PORTLAND  — The man who put small businesses on edge last spring with a string of armed robberies and attempted robberies will serve nearly six years in prison.

Travis Card, 38, was arrested in April in the wake of more than a dozen unsolved holdups in southern Maine. He pleaded guilty in August in federal court for interfering or attempting to interfere with commerce by robbery at 11 businesses from Old Orchard Beach to Cumberland.

U.S. District Judge Nancy Torresen sentenced him Wednesday to 70 months in prison, followed by three years of supervised release. He will also pay restitution for his gains from the robberies — slightly less than $3,000.

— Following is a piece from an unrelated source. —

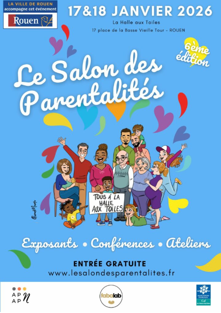 La 6 ème édition du Salon des Parentalités aura lieu les samedi 17 janvier et dimanche 18 janvier 2026 à la Halle aux Toiles de Rouen !
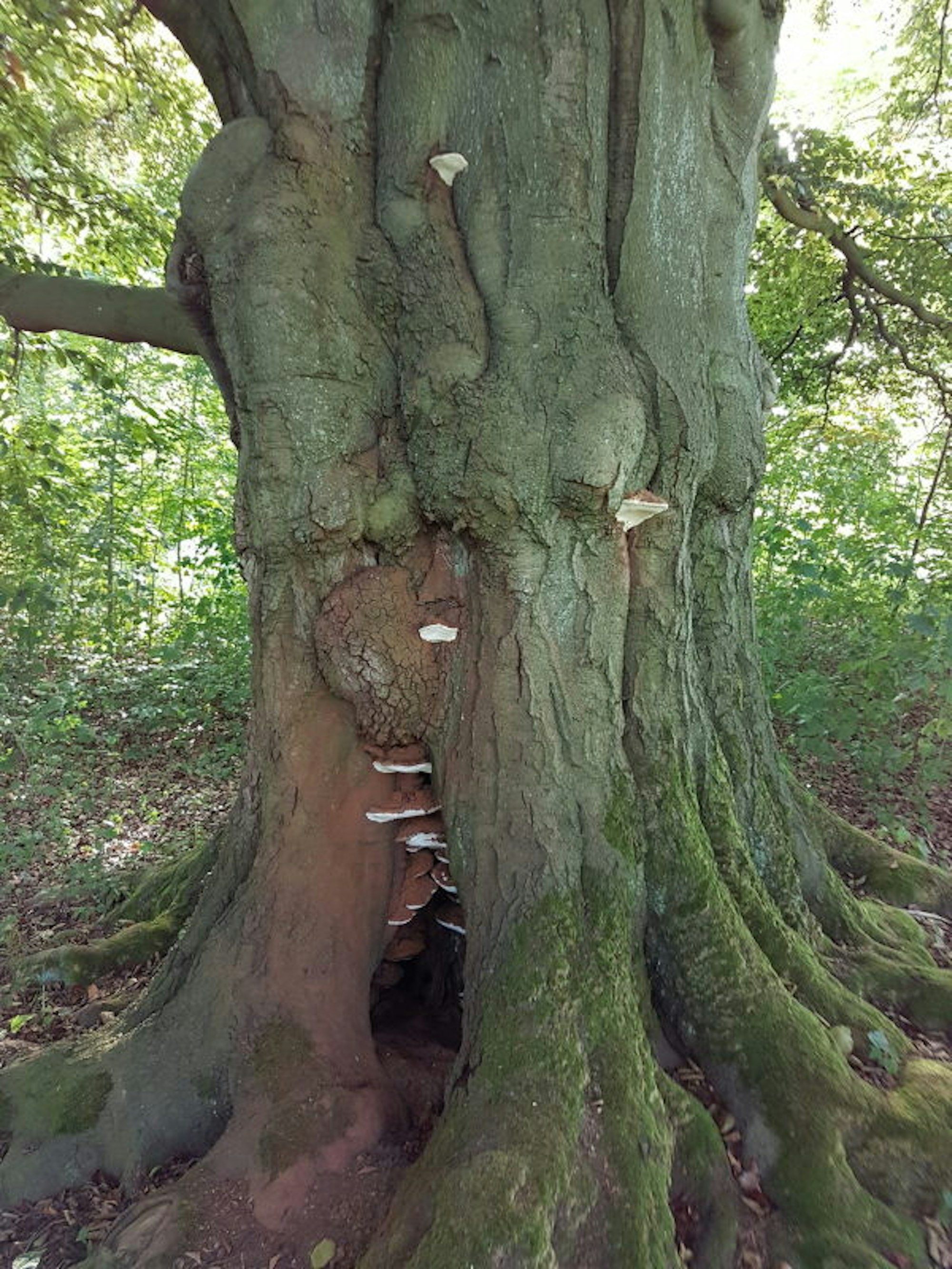 Inzwischen hat der zur Sicherheit der Parkbesucher eingezäunte Baum schon manchen Sturm überstanden. Und Klug attestiert nach seinem neuerlichen Besuch in Leverkusen: „Die Blutbuche ist immer noch vital, aber es gibt mehr Pilzfruchtkörper des Lackporlings. Von dem damals prognostizierten Brandkrustenpilz fehlt nach wie vor jede Spur. Also gibt es auch aktuell kein wirkliches Problem.“

A memo filed in court last month stated for the first time that opioid addiction led Card to commit the crimes, and the judge on Wednesday encouraged him to seek treatment both in prison and upon his release.

“This case is a string of, really, tragedies from many levels,” Torresen said. “The system really has not evolved to the point where it’s good at dealing with the opiate crisis that we’re faced with.”

But she refused a request by the defense attorney for a lesser sentence of 60 months, citing in part the statement of a teenage victim who was working the reigster when Card robbed a Westbrook coffee shop. The judge noted that the weapon turned out to be a pellet gun, but the victims believed it to be a real firearm.

Your crimes are not really serious because you took a lot of money,” Torresen said. “Your crimes are serious because you involved a lot of fear.”

Among the charges Card was convicted of included robbing the China Eatery on March 29 and attempted to rob of Moby Dick Variety on April 11, both in Old Orchard Beach.